Segment Start: Information given

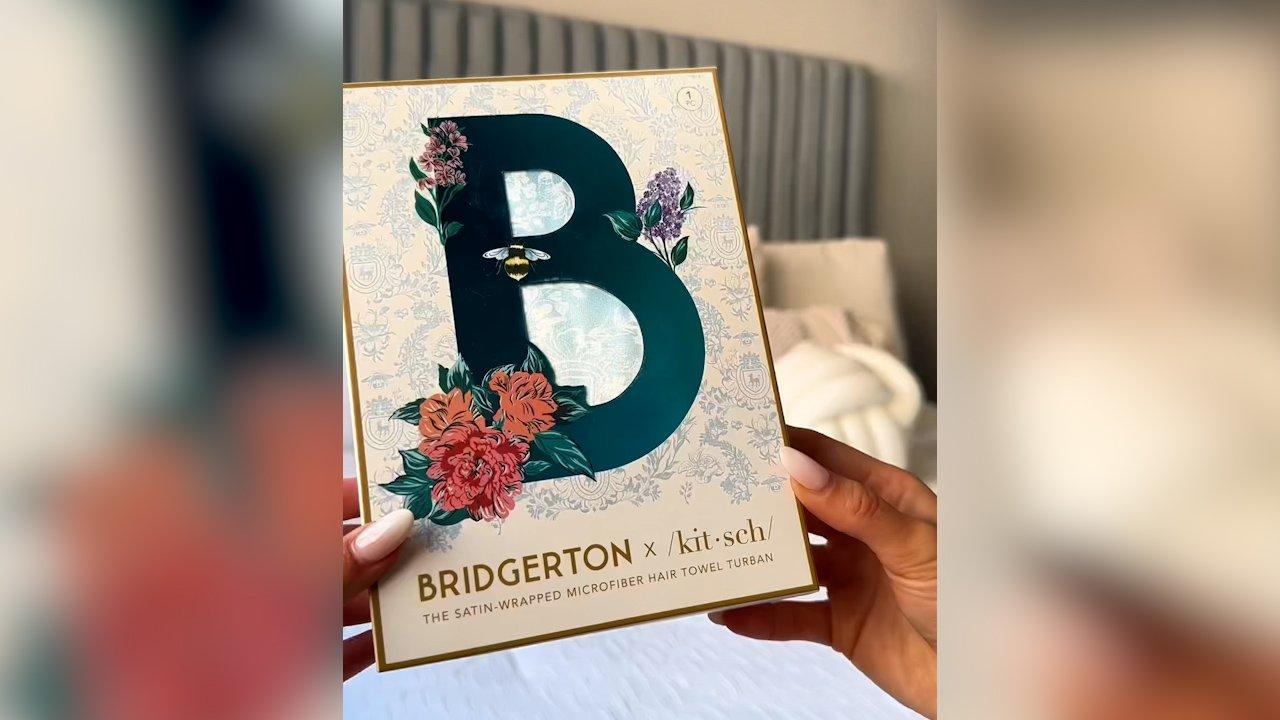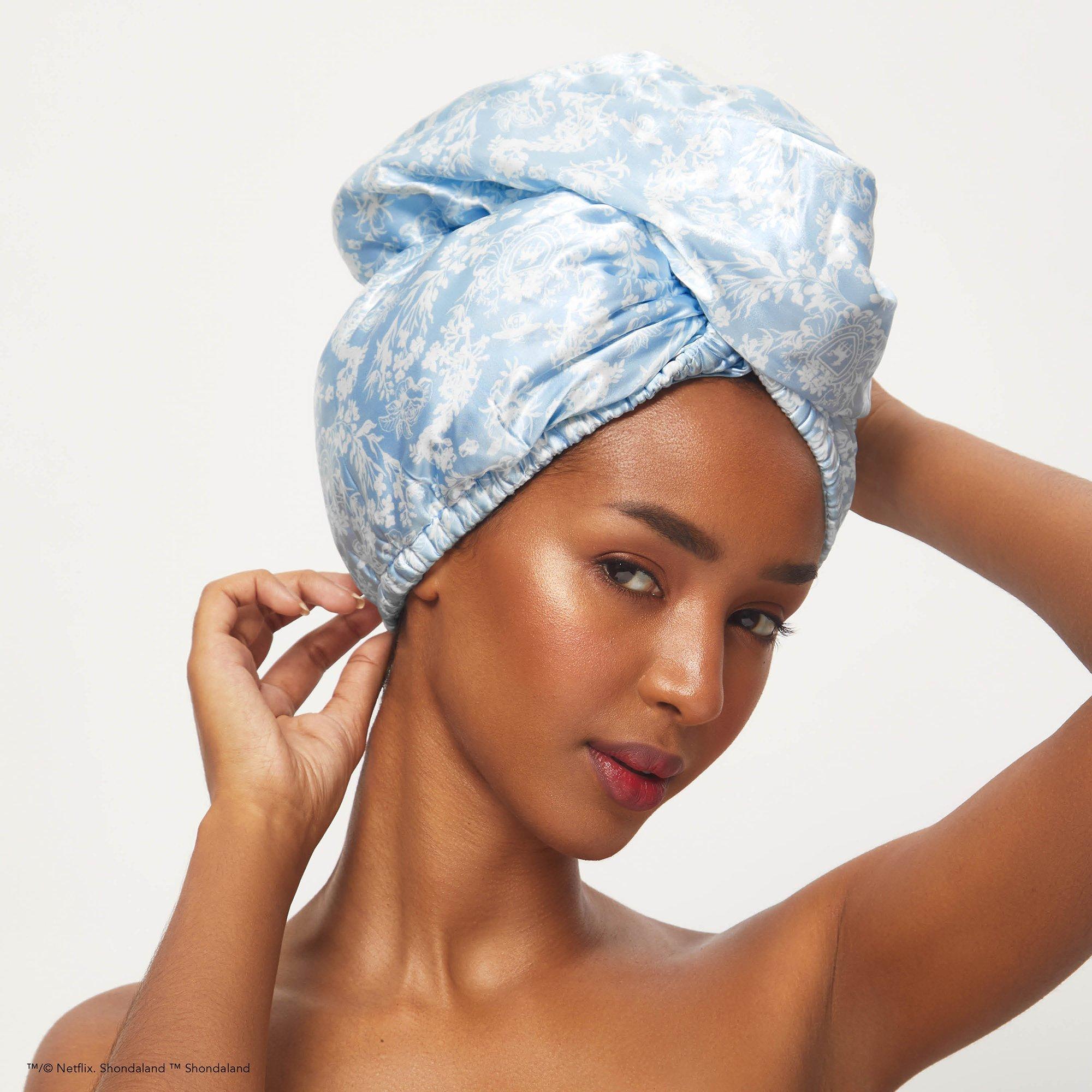 Bridgerton x Kitsch Satin Wrapped Hair Towel. Debut flawless, frizz-free hair with silky smooth, satin-wrapped, quick-drying microfiber hair towel - reduce heat drying time without stripping your strands of natural oils & conditioners.
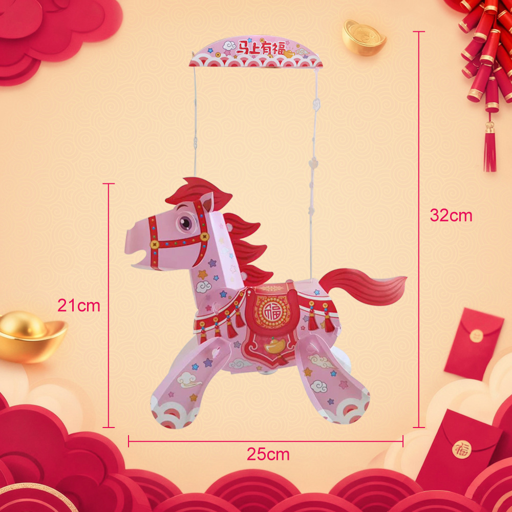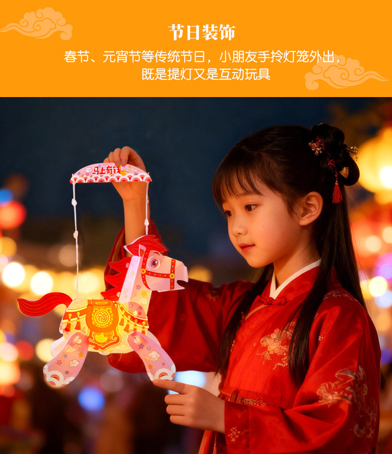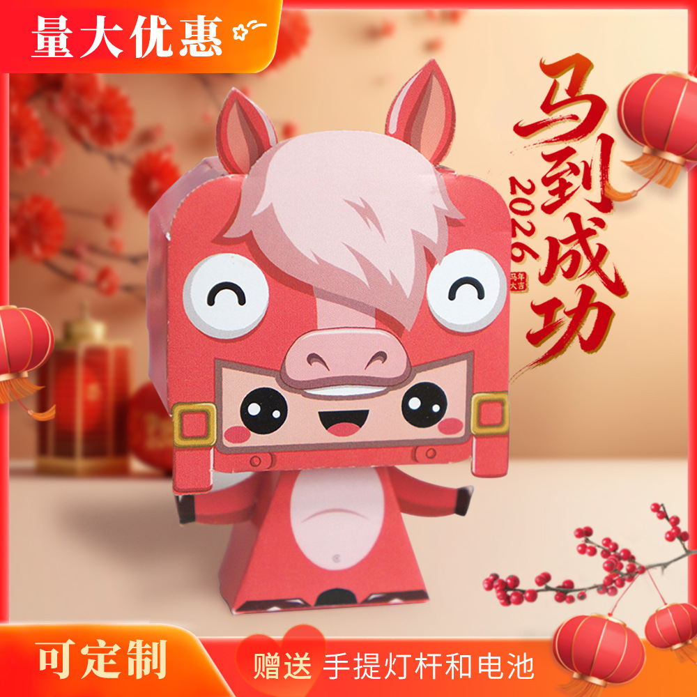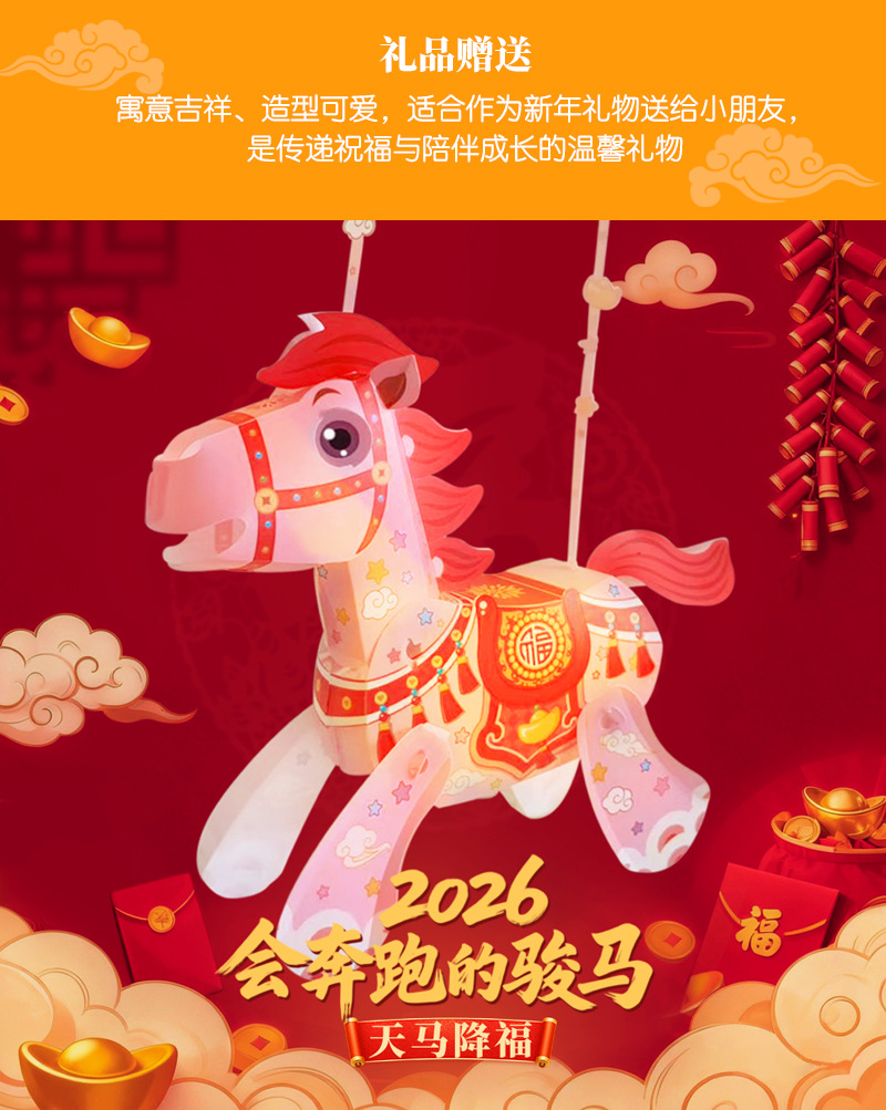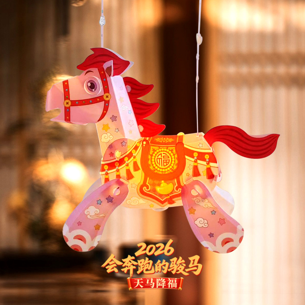 2026年马年春节元宵节新款卡通小马投影手提灯笼手工diy手提灯笼
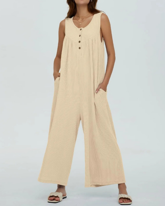 Jemma - Combinaison décontractée sans manches à col en V et jambes larges
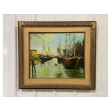 Ben Maile Original Canvas Painting of A Ship At The Dock, Signed By Artist and Framed, British Artist Born In 1922
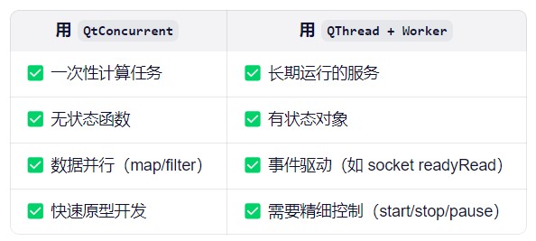以下是QtConcurrent和QThread+Worker的对比:

Segment End: Information given

Action item —
Your task is to repeat the opening line of the entries above and each line after it, ending with the line that has "Ben Maile Original". Do not include the pictures.

Response to this exercise —
 Bridgerton x Kitsch Satin Wrapped Hair Towel. Debut flawless, frizz-free hair with silky smooth, satin-wrapped, quick-drying microfiber hair towel - reduce heat drying time without stripping your strands of natural oils & conditioners.
 2026年马年春节元宵节新款卡通小马投影手提灯笼手工diy手提灯笼
 Jemma - Combinaison décontractée sans manches à col en V et jambes larges
 Ben Maile Original Canvas Painting of A Ship At The Dock, Signed By Artist and Framed, British Artist Born In 1922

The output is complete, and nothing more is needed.